Problem —
Which of the lines below hold the word "from"? Pull each of them out.

Data provided —
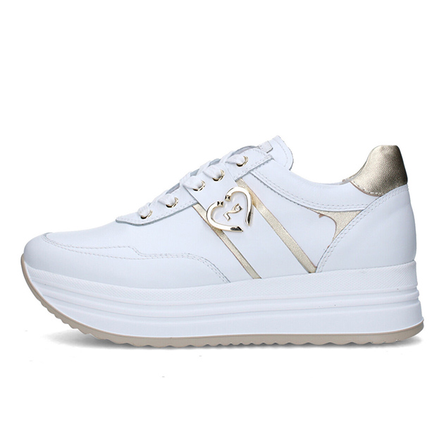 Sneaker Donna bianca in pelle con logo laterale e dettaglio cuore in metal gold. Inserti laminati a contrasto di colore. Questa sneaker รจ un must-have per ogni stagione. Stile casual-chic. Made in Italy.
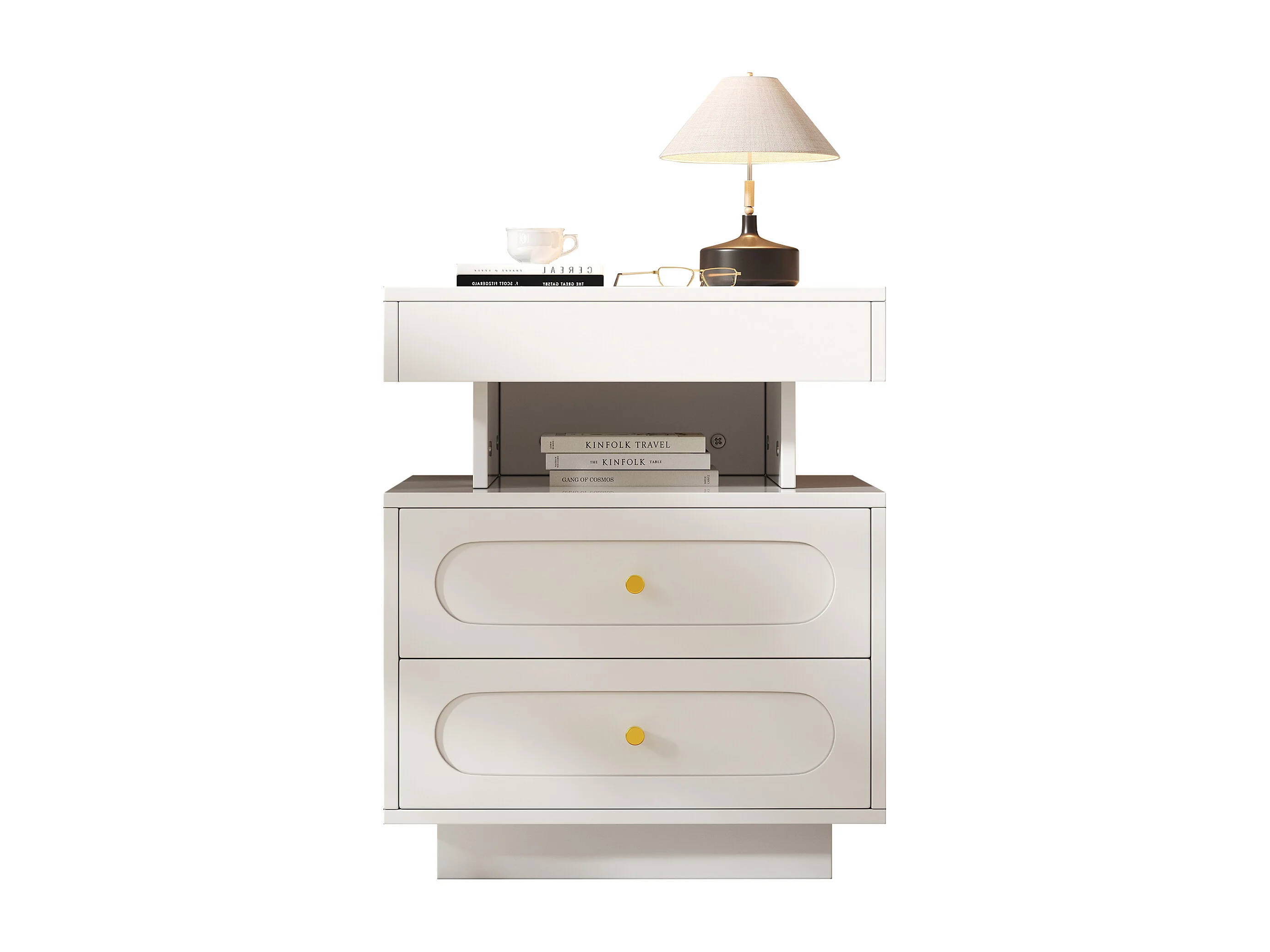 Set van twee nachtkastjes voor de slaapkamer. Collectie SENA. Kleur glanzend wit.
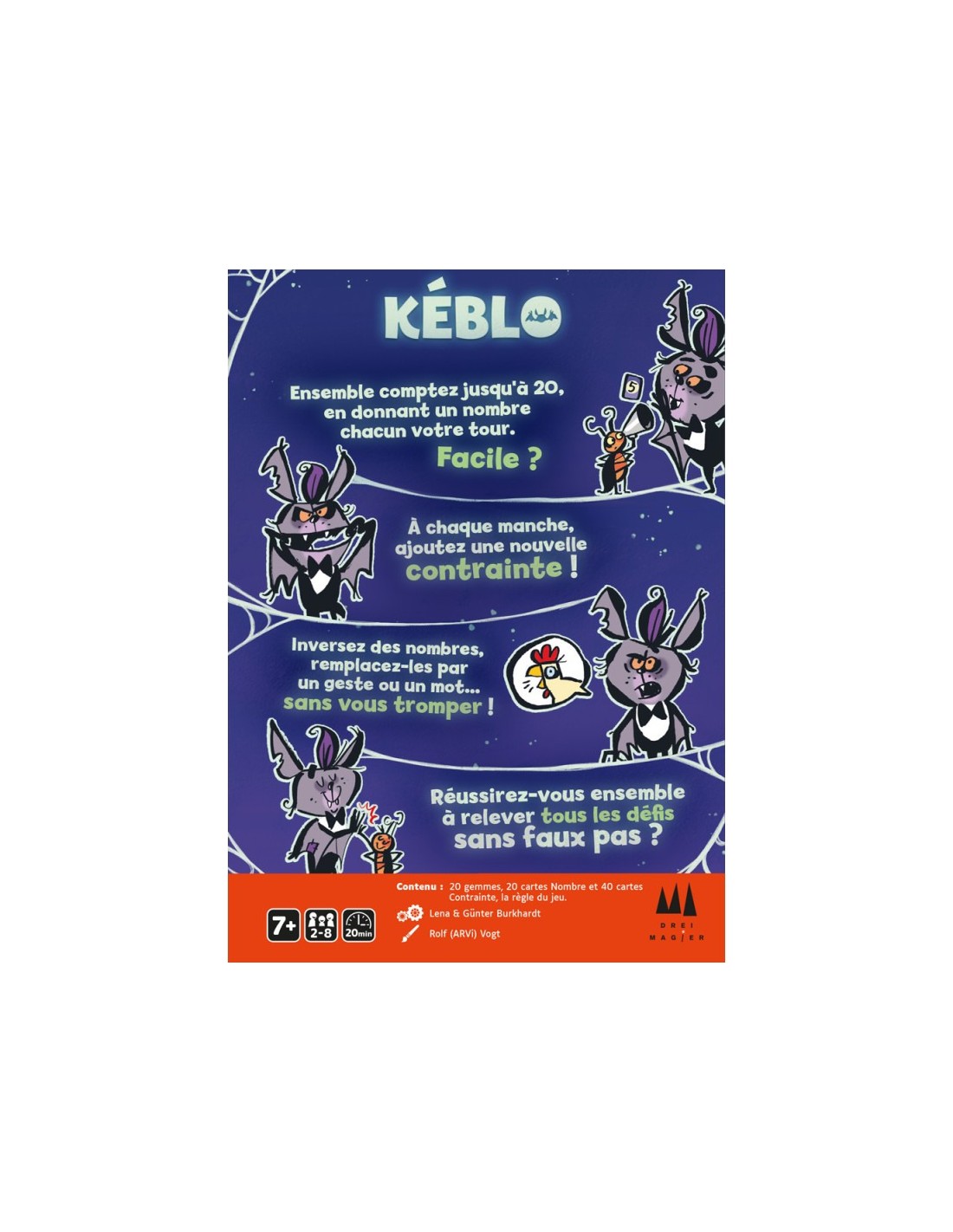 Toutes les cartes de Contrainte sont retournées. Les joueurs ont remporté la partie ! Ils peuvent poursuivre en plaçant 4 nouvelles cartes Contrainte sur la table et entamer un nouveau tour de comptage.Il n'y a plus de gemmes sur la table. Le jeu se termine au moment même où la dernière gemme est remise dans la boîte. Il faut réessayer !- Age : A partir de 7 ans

...

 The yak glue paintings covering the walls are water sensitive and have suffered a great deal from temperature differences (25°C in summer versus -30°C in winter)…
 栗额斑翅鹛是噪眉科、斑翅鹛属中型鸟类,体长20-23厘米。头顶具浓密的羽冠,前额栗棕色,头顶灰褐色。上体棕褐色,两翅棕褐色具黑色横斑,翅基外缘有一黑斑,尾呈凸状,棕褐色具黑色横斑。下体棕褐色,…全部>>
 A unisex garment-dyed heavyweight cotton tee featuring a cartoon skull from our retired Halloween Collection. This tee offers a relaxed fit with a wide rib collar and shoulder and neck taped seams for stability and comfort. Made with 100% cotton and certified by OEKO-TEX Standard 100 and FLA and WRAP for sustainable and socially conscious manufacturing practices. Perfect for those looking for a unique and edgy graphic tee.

==

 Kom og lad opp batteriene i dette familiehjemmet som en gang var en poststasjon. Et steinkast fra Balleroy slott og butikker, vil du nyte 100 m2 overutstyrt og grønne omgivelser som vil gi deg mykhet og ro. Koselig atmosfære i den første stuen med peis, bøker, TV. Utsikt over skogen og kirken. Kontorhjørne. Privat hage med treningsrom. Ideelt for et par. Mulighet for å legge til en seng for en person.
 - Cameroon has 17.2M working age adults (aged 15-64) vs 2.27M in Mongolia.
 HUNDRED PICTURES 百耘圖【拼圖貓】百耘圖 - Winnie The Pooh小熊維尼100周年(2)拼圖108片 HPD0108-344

Output for this task —
 The yak glue paintings covering the walls are water sensitive and have suffered a great deal from temperature differences (25°C in summer versus -30°C in winter)…
 A unisex garment-dyed heavyweight cotton tee featuring a cartoon skull from our retired Halloween Collection. This tee offers a relaxed fit with a wide rib collar and shoulder and neck taped seams for stability and comfort. Made with 100% cotton and certified by OEKO-TEX Standard 100 and FLA and WRAP for sustainable and socially conscious manufacturing practices. Perfect for those looking for a unique and edgy graphic tee.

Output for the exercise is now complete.